Untuk itu, kata Fahri, secara teoritik pascaamendemen UUD tahun 1945 bahwa mekanisme ketatanegaraan telah berubah, baik secara paradigmatik maupun konstitusional, kelembagaan MPR tidak lagi bersifat hirarkis.

Artinya, kata Fahri, kelembagaan MPR adalah setara atau sejajar dengan kelembagaan Presiden, sehingga konsekuensi ketatanegaraannya adalah tidak tepat jika MPR melakukan tindakan melantik atau melantik Presiden, seperti waktu Indonesia masih menganut paham supremasi MPR sebelum amandemen konstitusi.

“Sesungguhnya MPR hanyalah menyaksikan pengucapan sumpah jabatan presiden dan wakil presiden sebagaimana telah ditentukan secara limitatif oleh konstitusi,” tambah Fahri.

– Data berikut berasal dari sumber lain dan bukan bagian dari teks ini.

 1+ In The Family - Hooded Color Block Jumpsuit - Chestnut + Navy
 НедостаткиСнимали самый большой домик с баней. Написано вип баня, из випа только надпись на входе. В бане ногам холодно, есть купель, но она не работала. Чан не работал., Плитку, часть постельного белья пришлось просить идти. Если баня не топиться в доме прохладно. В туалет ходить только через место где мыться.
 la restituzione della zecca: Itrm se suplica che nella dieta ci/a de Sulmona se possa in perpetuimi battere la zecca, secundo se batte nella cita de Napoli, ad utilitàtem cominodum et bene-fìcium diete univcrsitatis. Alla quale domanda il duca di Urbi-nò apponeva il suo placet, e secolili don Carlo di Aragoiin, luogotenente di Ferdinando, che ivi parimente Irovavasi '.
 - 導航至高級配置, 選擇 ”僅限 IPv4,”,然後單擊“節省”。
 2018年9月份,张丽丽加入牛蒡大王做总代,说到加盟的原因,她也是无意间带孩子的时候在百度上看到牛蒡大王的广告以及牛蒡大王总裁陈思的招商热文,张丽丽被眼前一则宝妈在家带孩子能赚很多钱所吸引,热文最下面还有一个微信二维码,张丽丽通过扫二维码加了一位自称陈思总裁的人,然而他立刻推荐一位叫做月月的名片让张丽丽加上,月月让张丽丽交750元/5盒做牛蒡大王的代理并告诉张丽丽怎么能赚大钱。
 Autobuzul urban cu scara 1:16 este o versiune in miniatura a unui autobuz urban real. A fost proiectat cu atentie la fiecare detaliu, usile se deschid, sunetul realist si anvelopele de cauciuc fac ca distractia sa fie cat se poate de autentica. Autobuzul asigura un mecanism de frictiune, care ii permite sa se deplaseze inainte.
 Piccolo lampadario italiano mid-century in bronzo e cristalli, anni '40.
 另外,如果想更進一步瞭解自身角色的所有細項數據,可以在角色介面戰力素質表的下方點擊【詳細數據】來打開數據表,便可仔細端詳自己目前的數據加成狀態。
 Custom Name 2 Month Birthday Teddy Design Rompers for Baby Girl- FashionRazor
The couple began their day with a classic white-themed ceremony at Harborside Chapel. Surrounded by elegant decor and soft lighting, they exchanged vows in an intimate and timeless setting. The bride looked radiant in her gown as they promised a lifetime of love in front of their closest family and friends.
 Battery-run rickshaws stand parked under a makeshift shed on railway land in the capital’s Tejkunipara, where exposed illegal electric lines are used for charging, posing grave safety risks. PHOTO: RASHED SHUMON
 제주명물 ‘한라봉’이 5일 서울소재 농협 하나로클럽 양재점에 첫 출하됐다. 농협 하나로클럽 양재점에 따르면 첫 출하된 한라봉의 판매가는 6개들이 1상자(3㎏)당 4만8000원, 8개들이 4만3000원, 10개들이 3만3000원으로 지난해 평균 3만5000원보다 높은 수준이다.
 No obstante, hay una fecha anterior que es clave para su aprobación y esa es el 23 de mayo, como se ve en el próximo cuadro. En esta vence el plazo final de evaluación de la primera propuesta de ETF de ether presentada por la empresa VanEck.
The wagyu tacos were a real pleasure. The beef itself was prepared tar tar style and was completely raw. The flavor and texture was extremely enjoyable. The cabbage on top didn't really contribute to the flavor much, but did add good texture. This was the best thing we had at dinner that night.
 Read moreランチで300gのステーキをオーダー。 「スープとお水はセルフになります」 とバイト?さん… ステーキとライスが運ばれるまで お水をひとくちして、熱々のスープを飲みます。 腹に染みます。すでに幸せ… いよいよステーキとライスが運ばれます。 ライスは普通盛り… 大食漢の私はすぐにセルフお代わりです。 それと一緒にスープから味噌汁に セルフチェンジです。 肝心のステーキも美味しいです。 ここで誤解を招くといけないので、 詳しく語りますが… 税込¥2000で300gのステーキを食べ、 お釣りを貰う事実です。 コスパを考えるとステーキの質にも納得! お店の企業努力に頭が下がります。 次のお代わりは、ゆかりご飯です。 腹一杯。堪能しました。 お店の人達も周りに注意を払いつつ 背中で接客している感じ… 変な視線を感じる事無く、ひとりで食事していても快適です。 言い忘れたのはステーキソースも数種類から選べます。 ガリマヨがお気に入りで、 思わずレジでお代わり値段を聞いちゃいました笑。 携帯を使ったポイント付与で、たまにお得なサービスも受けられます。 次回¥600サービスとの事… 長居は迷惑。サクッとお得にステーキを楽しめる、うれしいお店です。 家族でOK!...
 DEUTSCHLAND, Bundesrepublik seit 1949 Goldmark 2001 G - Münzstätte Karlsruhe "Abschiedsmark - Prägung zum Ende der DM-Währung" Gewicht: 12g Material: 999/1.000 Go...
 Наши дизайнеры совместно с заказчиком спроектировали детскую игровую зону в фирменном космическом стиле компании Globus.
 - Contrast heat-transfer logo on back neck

Dengan demikian, menurut Fahri, ke depan menjadi tugas konstitusional DPR untuk meninjau dan meluruskan konsep sumpah jabatan presiden ini dengan melakukan revisi atas ketentuan pasal 33 UU No.17 Tahun 2014 Tentang MPR, DPR, DPD dan DPRD.

“Ini agar sejalan dan sebangun dengan spirit rumusan ketentuan pasal 9 ayat (1) dan (2) UUD Tahun 1945, dan praktek ketatanegaraan kita menjadi liniear dengan sistem pemerintahan presidensial yang kita anut saat ini,” kata Fahri.